Rénine continued his argument. Stepping backwards in the direction of the window, he said: ‘If I want to get to that window, I can of course walk straight up to it; but I can just as easily turn my back to it and walk that way. In either case I reach my goal.’
And he at once proceeded in a vigorous tone: ‘Here’s the gist of it all. At half-past eight, before the snow fell, M. de Gorne comes home from his father’s house. M. Vignal arrives twenty minutes later. There is a long discussion and a struggle, taking up three hours in all. It is then, after M. Vignal has carried off Madame de Gorne and made his escape, that Mathias de Gorne, foaming at the mouth, wild with rage, but suddenly seeing his chance of taking the most terrible revenge, hits upon the ingenious idea of using against his enemy the very snowfall upon whose evidence you are now relying. He therefore plans his own murder, or rather the appearance of his murder and of his fall to the bottom of the well and makes off backwards, step by step, thus recording his arrival instead of his departure on the white page.’

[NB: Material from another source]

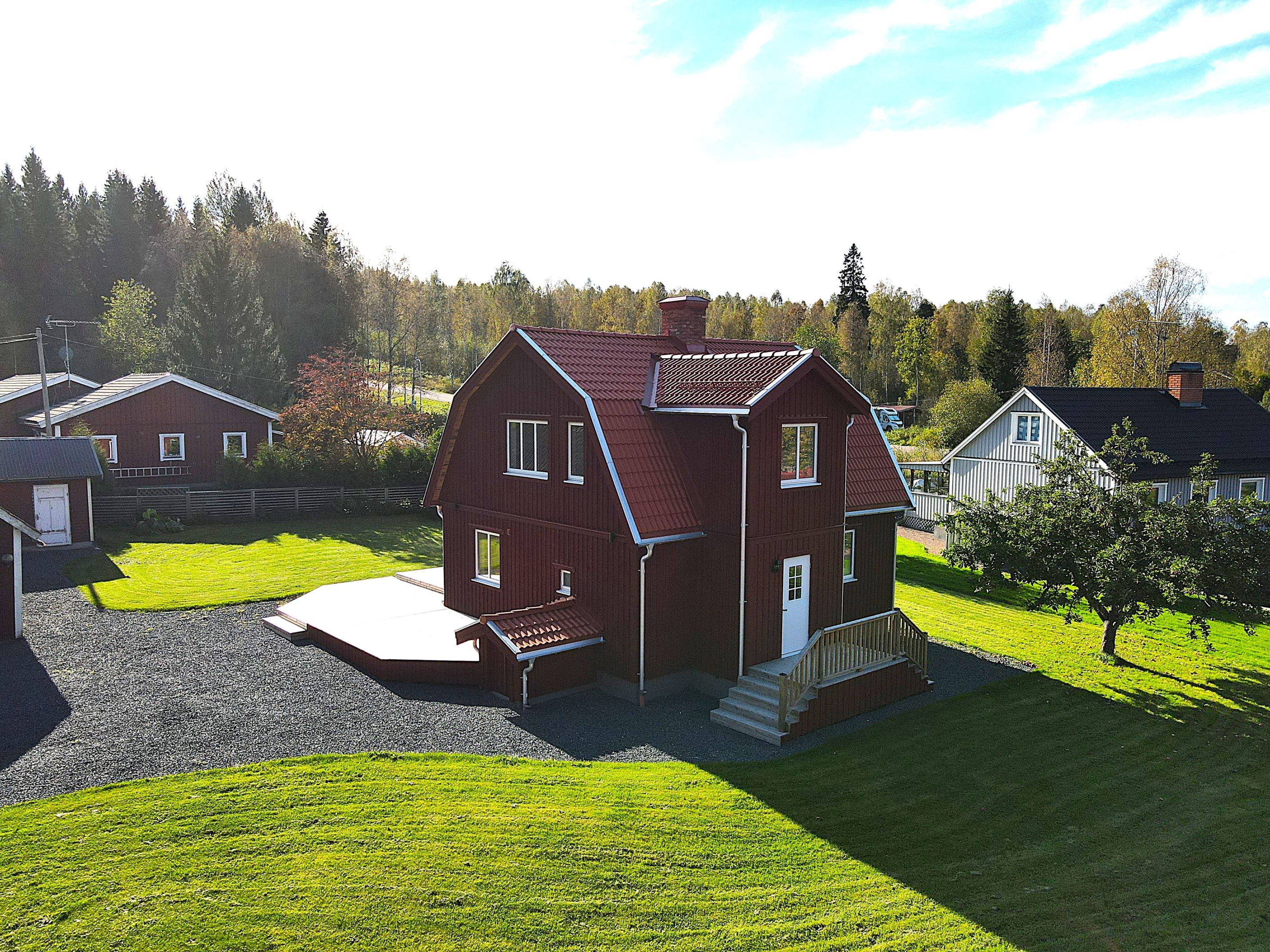 Redan i hallen möts man av en omedelbar känsla av ett lugn och välbehag. Här är allt nyrenoverat och inget har lämnats åt slumpen. Allt i från fasad, tak, fönster, altan, badrum, kök och samtliga ytskikt. På hela entréplan löper ett enhetligt trägolv och väggarna är ljusa. Köket utgör en behaglig kontrast i sin lugna duvblå färg och det är öppet mot vardagsrummet där även en braskamin sprider sin värme. På övre plan ligger husets tre sovrum och en wc. Från vardagsrummet når man den stora altanen och trädgården som är nyanlagd. Välkommen att flytta in i ett hus där du inte behöver renovera. Välkommen att uppleva detta hemtrevliga hus på plats!

The deputy sneered no longer. This eccentric intruder suddenly appeared to him in the light of a person worthy of attention, whom it would not do to make fun of. He asked: ‘And how could he have left his father’s house?’
‘In a trap, quite simply.’
‘Who drove it?’
‘The father. This morning the sergeant and I saw the trap and spoke to the father, who was going to market as usual. The son was hidden under the tilt. He took the train at Pompignat and is in Paris by now.’
Rénine’s explanation, as promised, had taken hardly five minutes. He had based it solely on logic and the probabilities of the case. And yet not a jot was left of the distressing mystery in which they were floundering. The darkness was dispelled. The whole truth appeared.
Madame de Gorne wept for joy and Jérôme Vignal thanked the good genius who was changing the course of events with a stroke of his magic wand.
‘Shall we examine those footprints together, Mr Deputy?’ asked Rénine. ‘Do you mind? The mistake which the sergeant and I made this morning was to investigate only the footprints left by the alleged murderer and to neglect Mathias de Gorne’s. Why indeed should they have attracted our attention? Yet it was precisely there that the crux of the whole affair was to be found.’
They stepped into the orchard and went to the well. It did not need a long examination to observe that many of the footprints were awkward, hesitating, too deeply sunk at the heel and toe and differing from one another in the angle at which the feet were turned.
‘This clumsiness was unavoidable,’ said Rénine. ‘Mathias de Gorne would have needed a regular apprenticeship before his backward progress could have equalled his ordinary gait; and both his father and he must have been aware of this, at least as regards the zigzags which you see here since old de Gorne went out of his way to tell the sergeant that his
son had had too much drink.’ And he added, ‘Indeed it was the detection of this falsehood that suddenly enlightened me. When Madame de Gorne stated that her husband was not drunk, I thought of the footprints and guessed the truth.’